YOUR OBJECTIVE:
Repeat the data exactly. Pictures are not part of the copy.

PROVIDED INFORMATION:
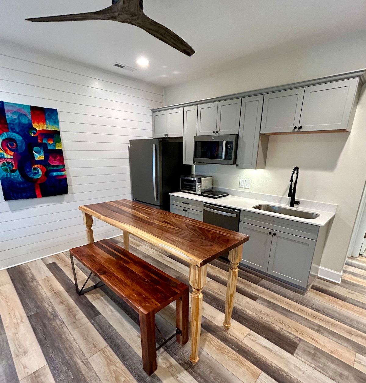 Petite Noire - нещодавно побудований розкішний міні-будинок, розташований в Кітті Хок, Північна Кароліна, всього в декількох хвилинах ходьби від пляжу, затоки та природних доріжок. Це ідеальний романтичний відпочинок, що пропонує так багато спа-салонів: º Гелевий гель розміром King size º Велика душова кабіна з двома душовими головками для опадів º 2 На відкритому повітрі мідні ванни з видом на ліс Kitty Hawk Woods º джакузі: гідромасажна ванна º Душ на відкритому повітрі з 2 душовими головками для опадів º Традиційна сауна бочки º Повна кухня º Висококласна обробка
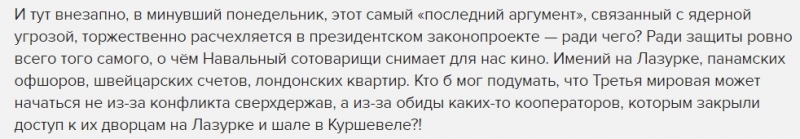Интернет-деятель, как он сам себя называет, якобы прочитал законопроект и усмотрел в нём попытку коррупционеров защитить свою собственность методом ядерного шантажа.
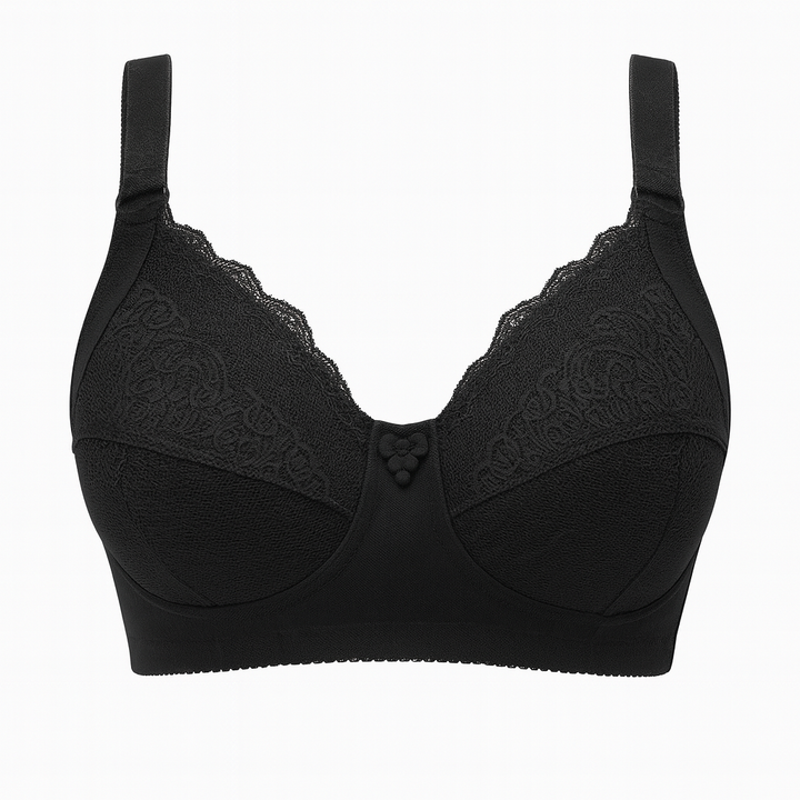 Black Curvy All Over Lace Cup Double Layered Bra with 4x4 Hooks
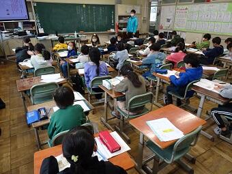 4年2組は国語「ごんぎつね」で,ごんはどんなきつねなのか,どんなところに住んでいるのか考え,意見を発表していました。
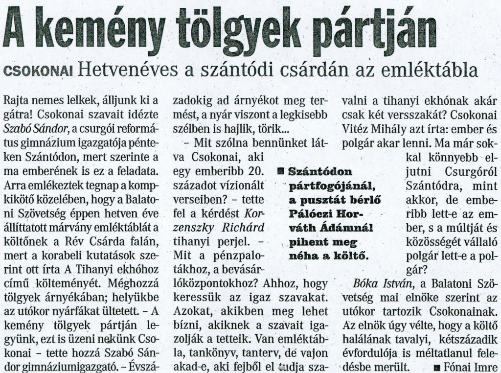 "Rajta nemes lelkek, álljunk ki a gátra" idézte Csokonai szavait Szabó Sándor a csurgói Református Gimnázium igazgatója Szántódon. A Balatoni Szövetség éppen hetven éve állíttatott emléktáblát a költőnek a Rév Csárda falán mert a kutatások szerint ott íródott Csokonai A Tihanyi ekhóhoz című költeménye.
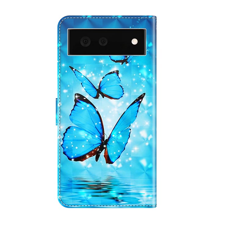 Stand Feature 3D Creative Pattern PU Leather Magnetic Flip Wallet Case with Strap for Google Pixel 6 - Blue Butterflies
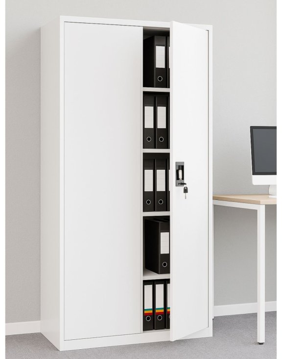 Dulapul metalic Geneva alb de la Storfy este soluția de stocare ideală pentru dosare, documente, rechizite sau chiar unelte.

WRITTEN SOLUTION:
 Petite Noire - нещодавно побудований розкішний міні-будинок, розташований в Кітті Хок, Північна Кароліна, всього в декількох хвилинах ходьби від пляжу, затоки та природних доріжок. Це ідеальний романтичний відпочинок, що пропонує так багато спа-салонів: º Гелевий гель розміром King size º Велика душова кабіна з двома душовими головками для опадів º 2 На відкритому повітрі мідні ванни з видом на ліс Kitty Hawk Woods º джакузі: гідромасажна ванна º Душ на відкритому повітрі з 2 душовими головками для опадів º Традиційна сауна бочки º Повна кухня º Висококласна обробка
Интернет-деятель, как он сам себя называет, якобы прочитал законопроект и усмотрел в нём попытку коррупционеров защитить свою собственность методом ядерного шантажа.
 Black Curvy All Over Lace Cup Double Layered Bra with 4x4 Hooks
 4年2組は国語「ごんぎつね」で,ごんはどんなきつねなのか,どんなところに住んでいるのか考え,意見を発表していました。
 "Rajta nemes lelkek, álljunk ki a gátra" idézte Csokonai szavait Szabó Sándor a csurgói Református Gimnázium igazgatója Szántódon. A Balatoni Szövetség éppen hetven éve állíttatott emléktáblát a költőnek a Rév Csárda falán mert a kutatások szerint ott íródott Csokonai A Tihanyi ekhóhoz című költeménye.
 Stand Feature 3D Creative Pattern PU Leather Magnetic Flip Wallet Case with Strap for Google Pixel 6 - Blue Butterflies
 Dulapul metalic Geneva alb de la Storfy este soluția de stocare ideală pentru dosare, documente, rechizite sau chiar unelte.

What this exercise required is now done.